The medicine ball tosses came at the end of a workout focusing on sprint starts; on some, she bolted from the blocks with such force that her grandfather, standing on the back of the blocks, was knocked off balance. So of course I should have braced myself when this exemplar of power sent a flying object my way.

Kate Hall
Greta Rybus
Kate Hall
Greta Rybus
Kate Hall
Greta Rybus
Hall trains at Fitzpatrick Stadium in Portland, Maine.

Hall is exceptional even among her peers. After the 2018 outdoor season, she decided not to return to the University of Georgia for what would have been her senior year. She moved back to her native Maine to resume working with Chris Pribish, an athletic trainer who guided her high school career but who has otherwise never coached a world-class track athlete, and who spends much of his day working with orthopedic rehab clients.

Hall and Pribish hope that their highly individualized approach can put someone training solo, unsponsored, in Maine’s less-than-ideal climate, on this year’s world championships team. And they hope next year to show that Hall, who has type 1 diabetes, can be the first person with the disease known to become a U.S. track and field Olympian.

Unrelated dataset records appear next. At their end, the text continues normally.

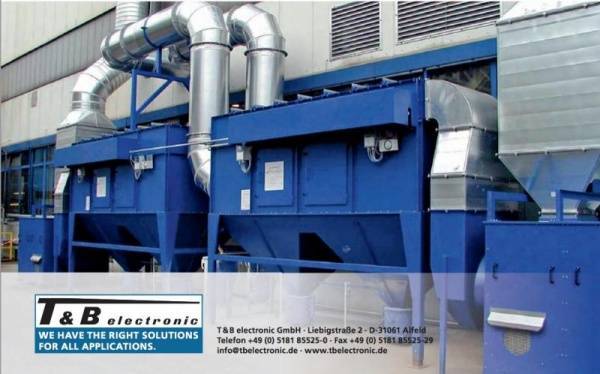 Arbeitsplätze, an denen Staub- oder Schadstoffemissionen entstehen, sind in der Regel mit einer Absauganlage und einem Filter ausgestattet. Das Eindringen von glühenden Partikeln kann in diesem Filter zu einem Brand der Filterelemente führen. Zum Schutz dieser Filter kommen T&B-Objektschutzlöschanlagen zum Einsatz. Wichtigste Voraussetzung für einen wirksamen Brandschutz ist ein ganzheitliches Schutzkonzept, dass individuell auf den jeweiligen Anwendungsfall abgestimmt wird. Die Erkennung eines Brandes erfolgt im Roh- und Reingasbereich des Filters über hochsensible Infrarot- und Thermodetektoren. Diese Kombination stellt eine größtmögliche Zuverlässigkeit und Täuschungssicherheit dar.
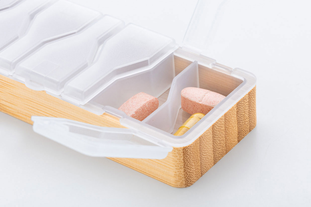Pojemnik na tabletki, wykonany z bambusa i plastiku PP, z 7 przegródkami na każdy dzień tygodnia.
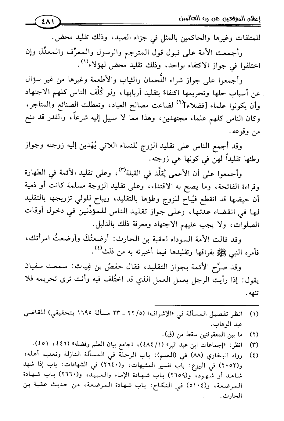 وأجمعوا على جواز شراء اللُّحمان والثياب والأطعمة وغيرها من غير سؤال عن أسباب حلها وتحريمها اكتفاءً بتقليد أربابها, ولو كُلِّف الناس كلهم الاجتهاد وأن يكونوا علماء [فضلاء] (٢) لضاعت مصالح العباد، وتعطلت الصنائع والمتاجر، وكان الناس كلهم علماء مجتهدين، وهذا مما لا سبيل إليه شرعًا، والقدر قد منع من وقوعه.

Growing up, Hall was used to being the quickest kid in school. That doesn’t necessarily mean much in Casco, Maine, which had a population of 3,742 when Hall became a teenager. But it meant something to a natural competitor, so one day in 2007, when the 10-year-old Hall was beaten by another girl at a soccer practice race, she wanted answers. Hall’s father learned the other girl had done a summer track program. He urged her to try track club the following summer.

“I was hesitant to do something new,” Hall says. “I was all set with soccer and basketball. My dad said, ‘Just go and try one practice. If you hate it, you don’t have to come back.’” Hall sampled all of the events, excelled in the sprints and long jump, and told her father she wanted to return. By seventh grade she was competing for state titles. She stopped playing basketball in eighth grade because it interfered with indoor track, and abandoned soccer the following fall to avoid knee injuries.

Kate Hall
Greta Rybus
Hall sometimes gets help at workouts from her father, Eric Hall.

Hall was obviously a natural, but that doesn’t mean she came to track unprepared. She has a jumper/sprinter’s version of Kenyan kids running to school. “When I was young, every time I went through a door, I would jump up and hit the doorpost,” she says. “I was probably doing hundreds of jumps a day. I sort of started to train myself to develop that springiness.”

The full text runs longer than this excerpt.